Edinburgh Fringe 2015 Review: Ross & Rachel

Molly Vevers delivers an outstanding performance in this cynical look at relationships. reviews

Image: Alex Brenner

Image: Alex Brenner


Venue: Assembly George Square Theatre

Despite the title, James Fritz’s one-person duologue bears very little connection to the hit TV show Friends. Instead, Ross & Rachel is a much more serious look at relationships that exposes the myth of the perfect couple. There are a few well-timed nods to Friends which predictably result in plenty of laughs from the audience, but Ross & Rachel is generally confident enough in its own ability to entertain to avoid piggybacking on the popularity of the American sitcom – it could be about any relationship turned sour. It’s a much better show for it and Fritz delivers a starkly real story that leaves a lasting impression.

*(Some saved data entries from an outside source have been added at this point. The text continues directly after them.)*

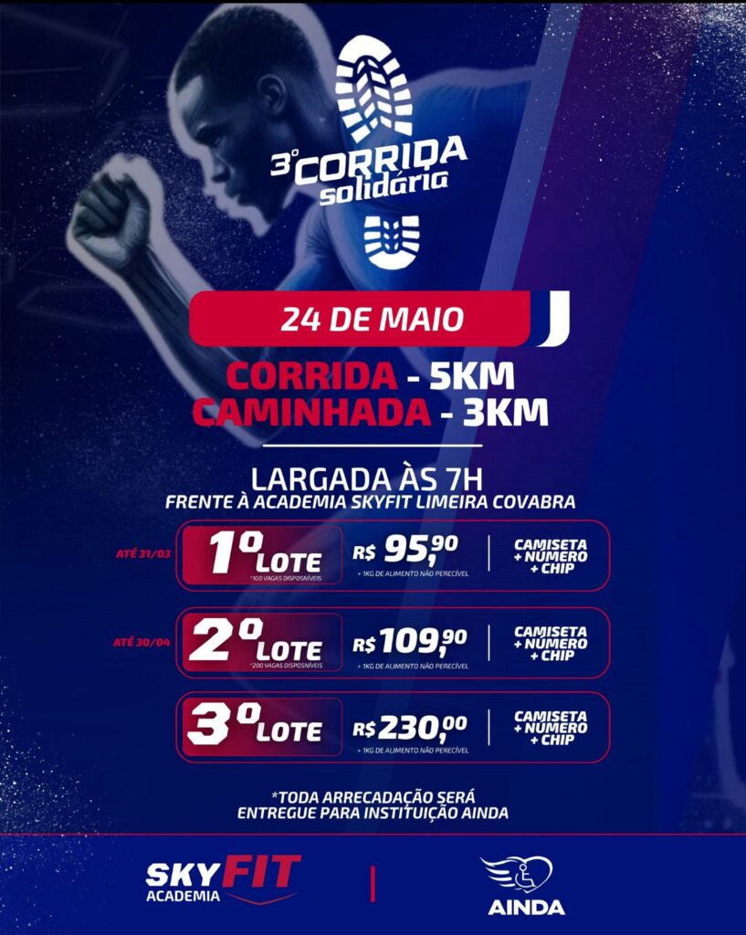 A 3º edição da Corrida Solidária Skyfit By Ainda será no dia 24 de maio de 2026 às 07:00 em Limeira, terá as modalidades: Corrida 5km e Caminhada 3Km.
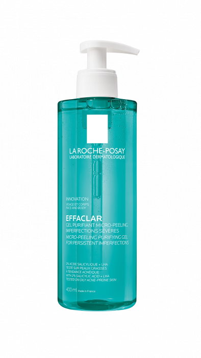 La Roche-Posay Effaclar Zuiverende Micro-Peeling Gel helpt bij onzuiverheden op lichaam én gezicht. Zuivert de poriën intensief en matteert de huid. Helpt toekomstige uitbraken van pukkeltjes tegengaan. Met actieve ingrediënten Salicylzuur, LHA, zink en glycerine zorgt het voor exfoliëren.
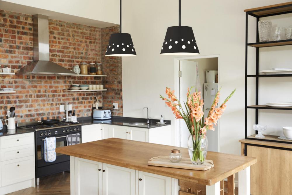 The festive design of the Katie one-light mini-pendant offers inspiring attitude to dress up a casual space. Crafted of matte black finish iron, this delightful fixture features a sleek conical shade with cutout holes that let light shine through. Punctuate a favorite dining space, kitchen, or nook with this pendant that offers adjustable hanging lengths and may be mounted on a sloped ceiling.
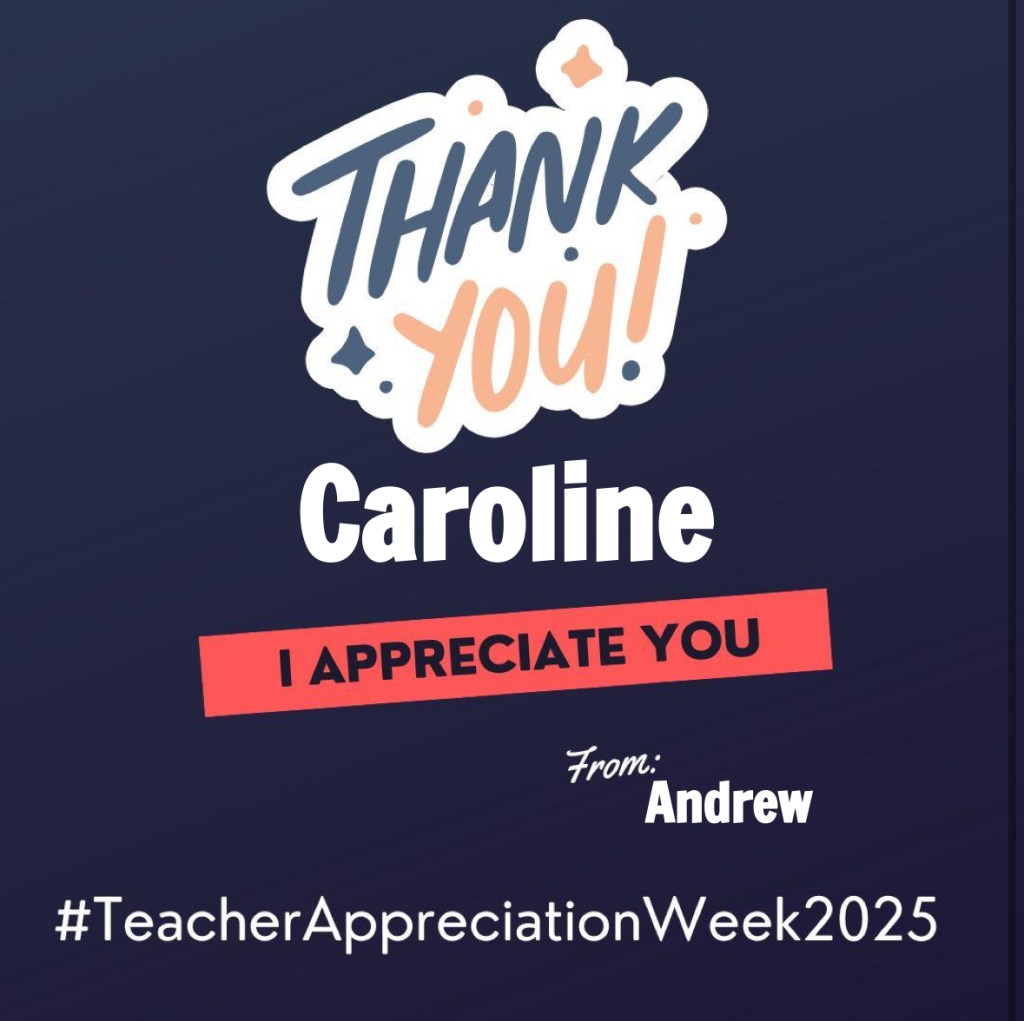 In addition to Bob’s shout outs, and Dales’ happiness boomerang, you can also join in with my simple way to show appreciation to a teacher. Based on the simple techniques shared in this post, and using the power of the Google extension ‘Autocrat’, if you complete this simple form, a personalized appreciation image will be sent to the teacher of your choice. See below for an example.
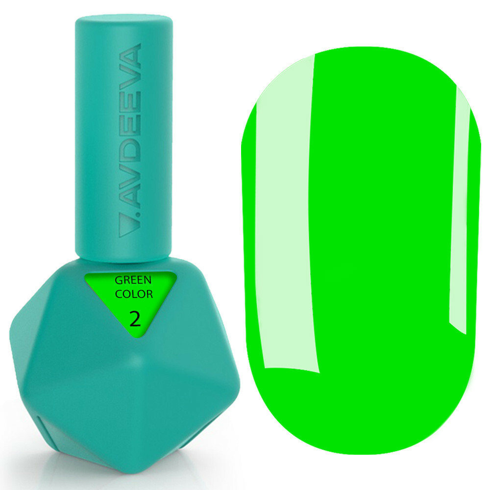 Victoria Avdeeva GREEN COLOR Nr. 2 – Neon-Gellack, leuchtend grün, 12 ml
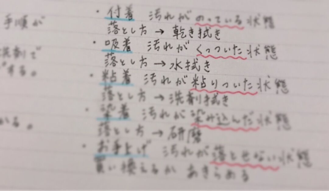 他にも、洗剤のpH値のことや、汚れの5つの段階のことなど、とにかくお掃除のアレコレをひたすら学びました。とても楽しい学習期間でした。
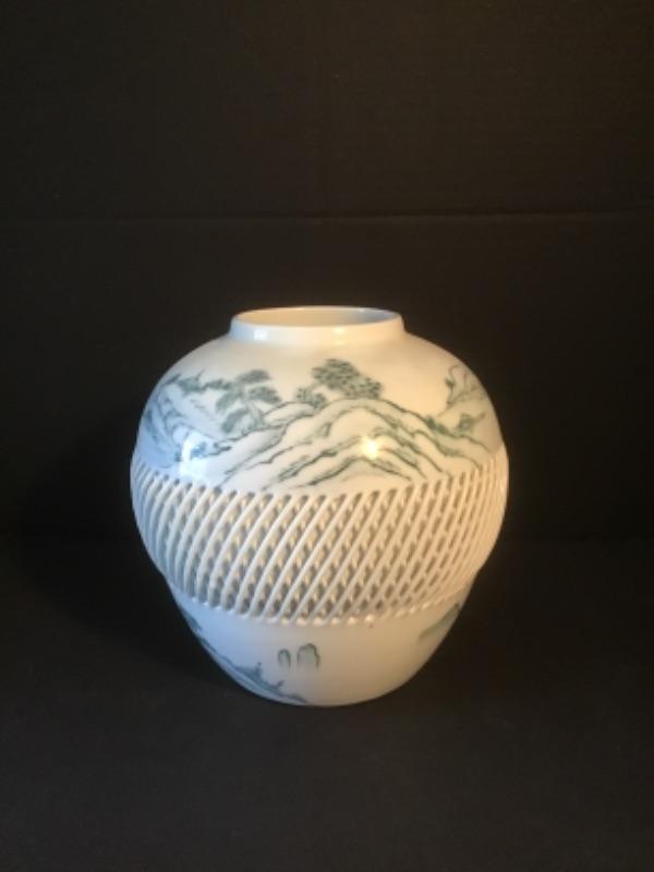 Beautiful Japanese Imari Reticulated Vase - measures 7.5” Tall x 8” at widest point
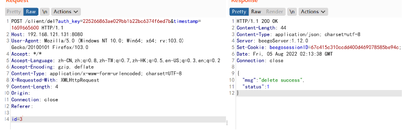 比如这里新建了一个客户端id值为3,我们只需发包即可进行删除
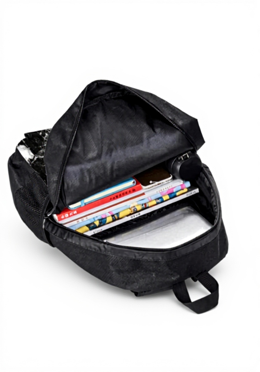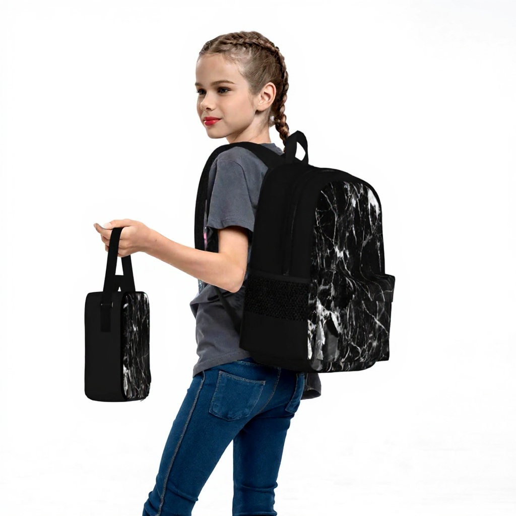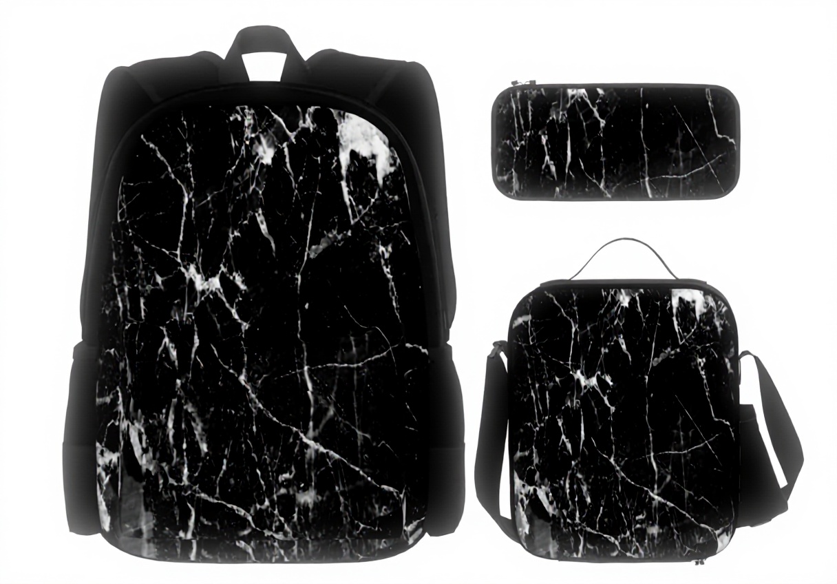 Cette trousse se distingue par son design unique inspiré des motifs marbre et pierre granit, avec une impression pleine largeur qui couvre toute la surface. La face extérieure est en cuir grainé (PVC) offrant une texture agréable au toucher, tandis que l’intérieur est entièrement en polyester pour une durabilité optimale. La fermeture éclair de qualité assure une ouverture et fermeture fluides.

As the show’s only actor, Molly Vevers gives a powerhouse performance and switches between characters with ease. Several lines are addressed directly to members of the audience – Ross & Rachel possesses an unusual intimacy that the size of Vevers’ performance space helps to shape. The design of the stage is simple yet effective. Vevers delivers the first part of the script while standing behind a pool of water surrounded by a circle of candles. As the play progresses, the water is cleverly used to highlight the increasing sense of tension.

Rachel can come across as cold at times due to her pessimistic observations of other couples and her lack of empathy for Ross. However, Vevers generally convinces the audience to see Rachel’s point of view so that her bitterness is understandable in light of Ross’ possessiveness. The pair are presented as realistic characters that rarely feel one dimensional. However, Ross’ request towards the end makes his character a little less believable and he tends to be presented less favourably than Rachel. His fear of being alone alongside Rachel’s ruminations about what life would be like without him make the play as much about what it means to be lonely as it is about couples.

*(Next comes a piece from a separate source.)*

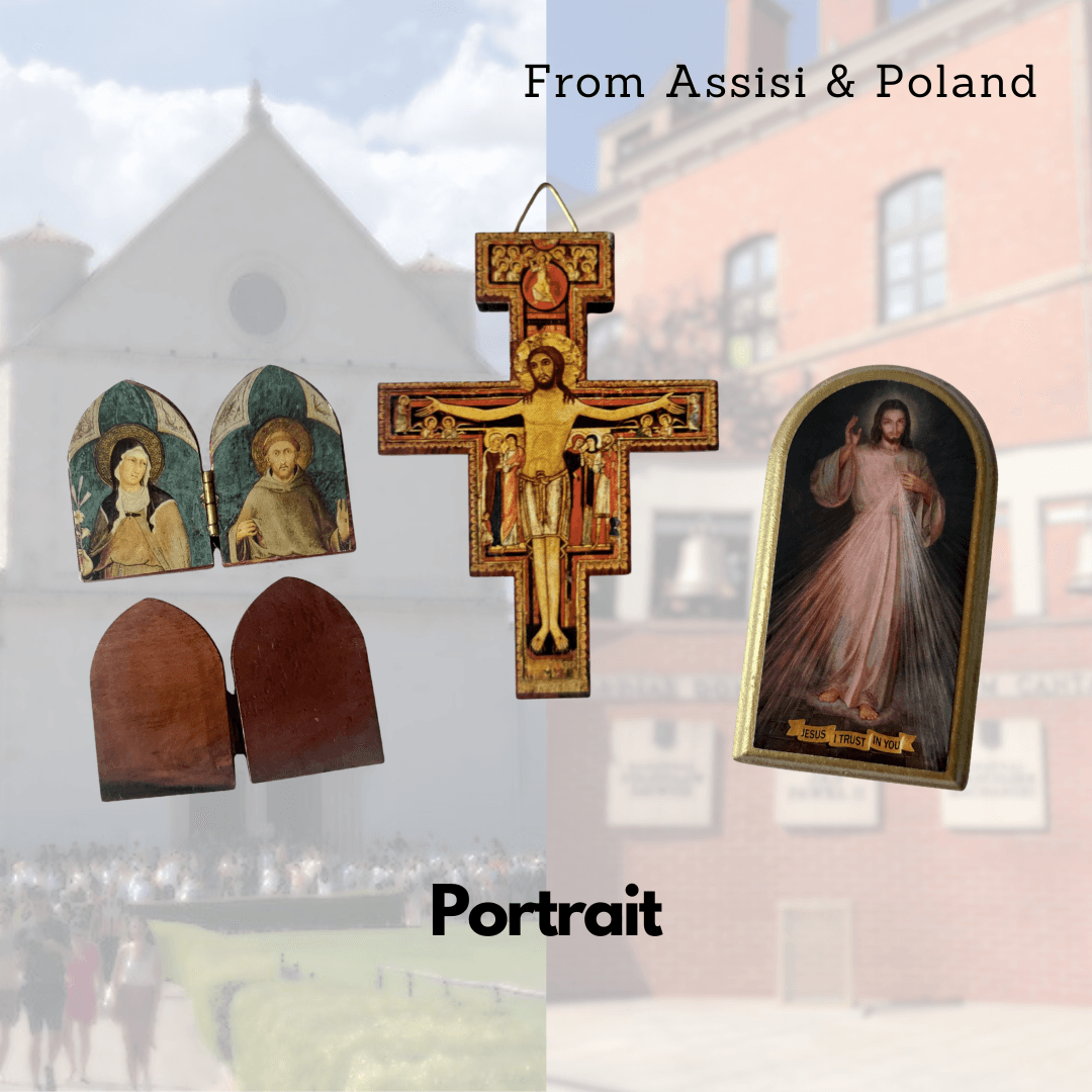 | Portrait | Sts Francis and Clare of Assisi (Assisi, stand), San Damiano cross (Assisi, hang), Divine Mercy (Poland, stand/hang) |

The script’s structure takes some getting used to – it’s a bit difficult to tell exactly who’s supposed to be speaking at the beginning of the play. However, the confusion also effectively conveys how Ross and Rachel have seemingly merged into one being in the eyes of the people around them, much to Rachel’s frustration. There are a few moments where the script could be more concise – a joke involving multiple offers of coffee is drawn out for too long before reaching a devastating conclusion – but Fritz’s writing is generally astute and insightful. Ross and Rachel’s interactions offer a clever portrayal between the common mismatch between what people say and what they’re really thinking.

Ross & Rachel is a well-crafted piece of theatre that can be a bit erratic at times but it compels more than it confuses and its cynicism is refreshing.